* INFORMATION:
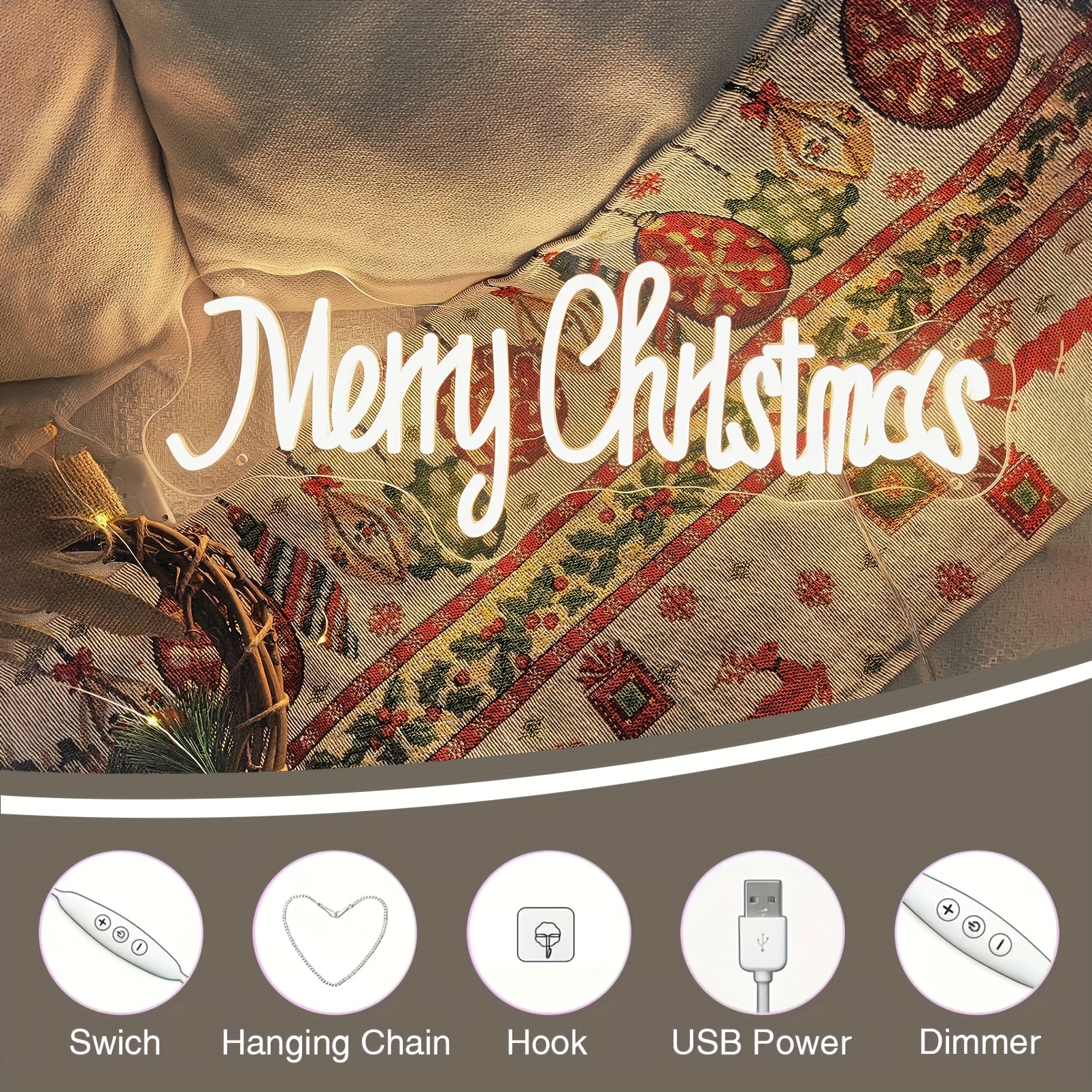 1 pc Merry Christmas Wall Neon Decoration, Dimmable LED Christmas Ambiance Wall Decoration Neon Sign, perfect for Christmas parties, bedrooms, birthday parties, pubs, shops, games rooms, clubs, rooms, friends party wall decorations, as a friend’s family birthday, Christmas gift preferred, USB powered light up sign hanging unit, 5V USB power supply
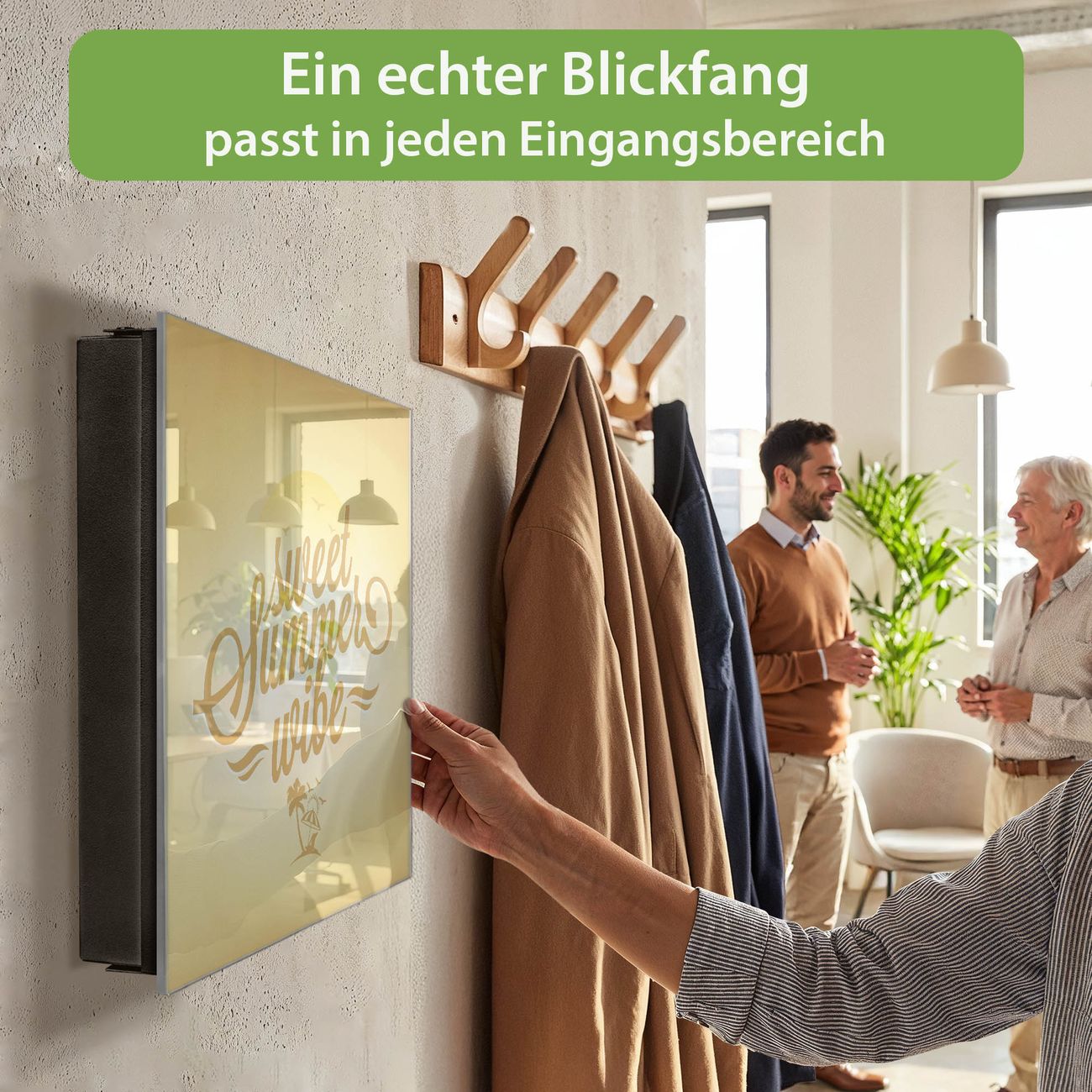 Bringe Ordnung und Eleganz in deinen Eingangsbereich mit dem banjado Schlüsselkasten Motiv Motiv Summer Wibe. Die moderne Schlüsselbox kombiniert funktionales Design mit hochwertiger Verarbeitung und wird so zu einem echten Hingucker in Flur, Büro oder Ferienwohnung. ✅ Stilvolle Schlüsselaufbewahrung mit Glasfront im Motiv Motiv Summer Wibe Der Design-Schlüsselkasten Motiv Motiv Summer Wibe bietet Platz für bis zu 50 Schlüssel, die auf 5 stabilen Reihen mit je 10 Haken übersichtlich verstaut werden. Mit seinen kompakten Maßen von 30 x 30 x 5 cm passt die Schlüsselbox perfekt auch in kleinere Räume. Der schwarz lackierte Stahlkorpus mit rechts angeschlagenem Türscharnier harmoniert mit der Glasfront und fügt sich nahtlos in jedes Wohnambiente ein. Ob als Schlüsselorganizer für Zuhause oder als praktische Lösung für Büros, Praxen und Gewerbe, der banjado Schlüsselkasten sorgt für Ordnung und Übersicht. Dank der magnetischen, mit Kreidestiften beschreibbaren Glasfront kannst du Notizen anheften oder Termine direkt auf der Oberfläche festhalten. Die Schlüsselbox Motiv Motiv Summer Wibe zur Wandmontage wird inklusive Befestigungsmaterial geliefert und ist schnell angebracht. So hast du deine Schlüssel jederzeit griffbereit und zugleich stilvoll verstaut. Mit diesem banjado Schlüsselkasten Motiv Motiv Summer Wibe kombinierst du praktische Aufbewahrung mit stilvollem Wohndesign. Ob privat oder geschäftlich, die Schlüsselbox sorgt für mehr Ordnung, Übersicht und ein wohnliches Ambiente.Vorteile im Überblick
==
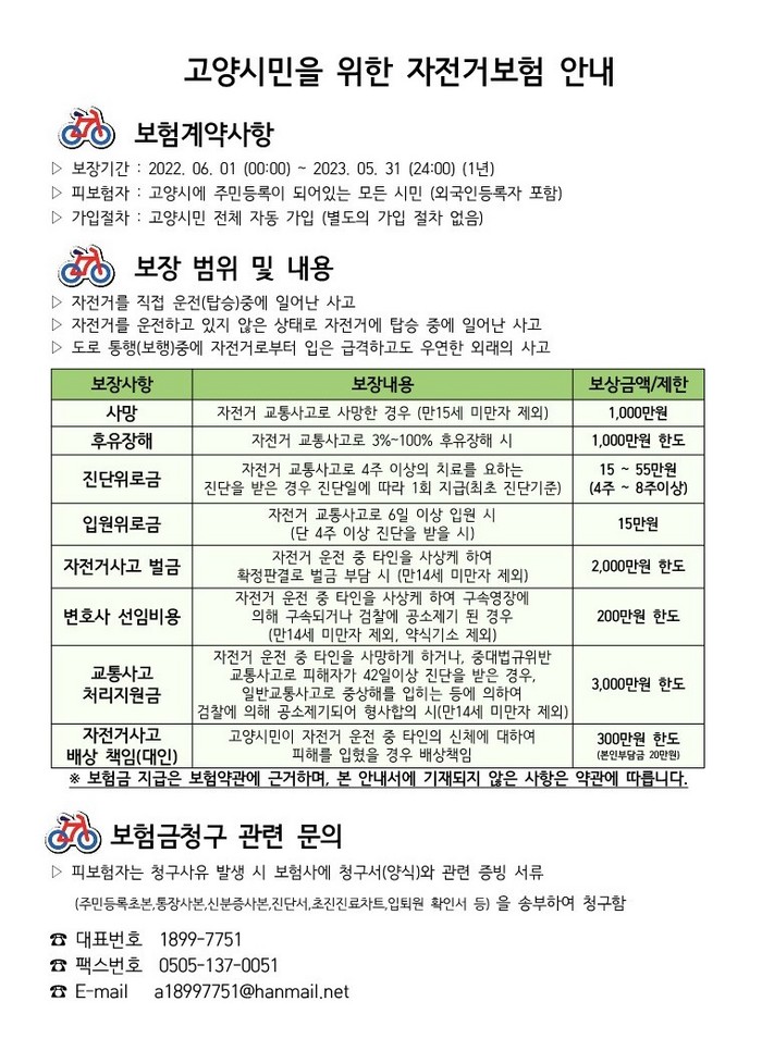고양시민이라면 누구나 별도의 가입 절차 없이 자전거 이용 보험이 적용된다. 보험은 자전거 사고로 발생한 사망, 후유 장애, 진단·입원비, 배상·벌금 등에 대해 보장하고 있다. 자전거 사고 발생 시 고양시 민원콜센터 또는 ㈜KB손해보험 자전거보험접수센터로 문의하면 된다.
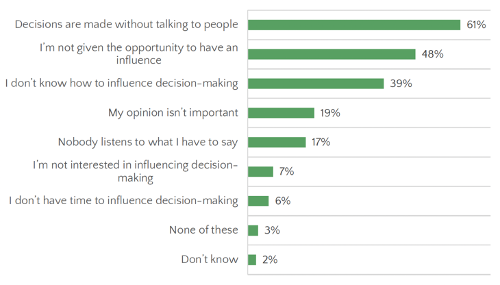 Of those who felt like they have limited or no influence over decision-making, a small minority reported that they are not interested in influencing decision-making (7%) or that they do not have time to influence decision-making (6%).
---
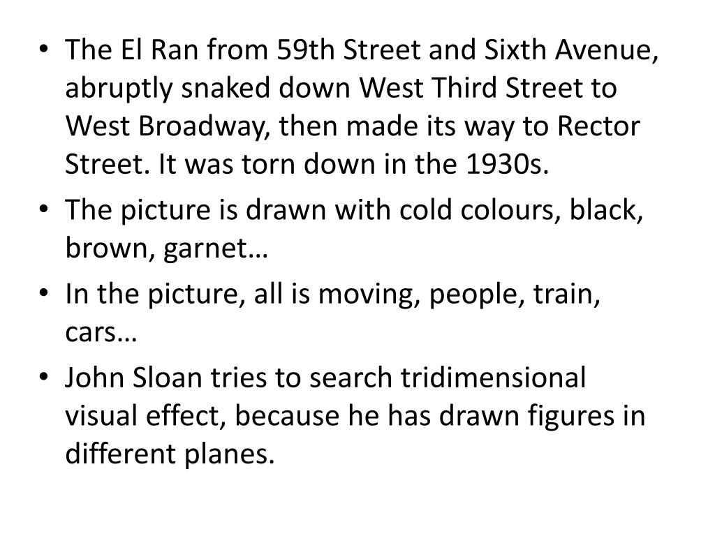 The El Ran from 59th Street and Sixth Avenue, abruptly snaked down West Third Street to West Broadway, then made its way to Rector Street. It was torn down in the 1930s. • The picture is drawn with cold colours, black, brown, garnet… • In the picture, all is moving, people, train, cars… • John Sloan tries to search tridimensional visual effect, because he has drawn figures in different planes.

* EXERCISE: In the data above, the stretch from the line with "고양시민이라면 누구나 별도의" through the line with "Of those who" is to be returned exactly, minus any pictures.

* YOUR SOLUTION:
고양시민이라면 누구나 별도의 가입 절차 없이 자전거 이용 보험이 적용된다. 보험은 자전거 사고로 발생한 사망, 후유 장애, 진단·입원비, 배상·벌금 등에 대해 보장하고 있다. 자전거 사고 발생 시 고양시 민원콜센터 또는 ㈜KB손해보험 자전거보험접수센터로 문의하면 된다.
 Of those who felt like they have limited or no influence over decision-making, a small minority reported that they are not interested in influencing decision-making (7%) or that they do not have time to influence decision-making (6%).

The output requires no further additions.